From his earliest days as a writer, Berkeley had taken up his satirical pen to attack what were then called 'free-thinkers' (secularists, skeptics, agnostics, atheists, etc. - in short, anyone who doubted the truths of received Christian religion and/or called for a diminution of religion in public life). In 1732, in the latest installment in this effort, Berkeley published his Alciphron, a series of dialogues directed at different types of 'free-thinkers'. One of the archetypes Berkeley addressed was the secular scientist, who discarded Christian spiritualism and mysteries as unnecessary superstitions, and declared his confidence in the certainty of human reason and science. Against his arguments, Berkeley mounted a subtle defense of the validity and usefulness of these elements of the Christian faith.

Alciphron was widely read and caused a bit of a stir. But it was an offhand comment mocking Berkeley's arguments by the 'free-thinking' royal astronomer Sir Edmund Halley that prompted Berkeley to pick up his pen again and try a new tack. The result was The Analyst, conceived as a satire attacking the foundations of mathematics with the same vigor and style as 'free-thinkers' routinely attacked religious truths.

Berkeley took mathematics apart, uncovering numerous gaps in proof, attacking the use of infinitesimals, the diagonal of the unit square, the very existence of numbers, etc. The general point was not to mock mathematics or mathematicians (Berkeley himself was an accomplished mathematician in his youth), but rather to show that mathematicians, like Christians, relied upon incomprehensible 'mysteries' in the foundations of their reasoning. Moreover, the existence of these 'superstitions' was not fatal to mathematical reasoning, indeed it was an aid. So too with the Christian faithful and their 'mysteries'. Berkeley concluded that the certainty of mathematics is no greater than the certainty of religion.

[edit] Content

The Analyst was a direct attack on the foundations and principles of the infinitesimal calculus, specifically on Newton's notion of fluxions and on Leibniz's notion of infinitesimal change. In section 16, Berkeley criticizes

the fallacious way of proceeding to a certain Point on the Supposition of an Increment, and then at once shifting your Supposition to that of no Increment . . . Since if this second Supposition had been made before the common Division by o, all had vanished at once, and you must have got nothing by your Supposition. Whereas by this Artifice of first dividing, and then changing your Supposition, you retain 1 and nxn-1. But, notwithstanding all this address to cover it, the fallacy is still the same.

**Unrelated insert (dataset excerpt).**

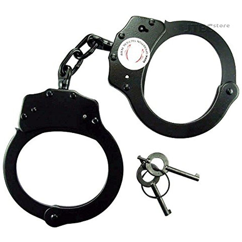 1000x1000 Black Steel Double Lock Real Hand Cuffs Police Handcuffs With Keys

Its most frequently quoted passage:

And what are these Fluxions? The Velocities of evanescent Increments? And what are these same evanescent Increments? They are neither finite Quantities nor Quantities infinitely small, nor yet nothing. May we not call them the ghosts of departed quantities?

To quote Judith Grabiner, “Berkeley’s criticisms of the rigor of the calculus were witty, unkind, and—with respect to the mathematical practices he was criticizing—essentially correct”(Grabiner 1997).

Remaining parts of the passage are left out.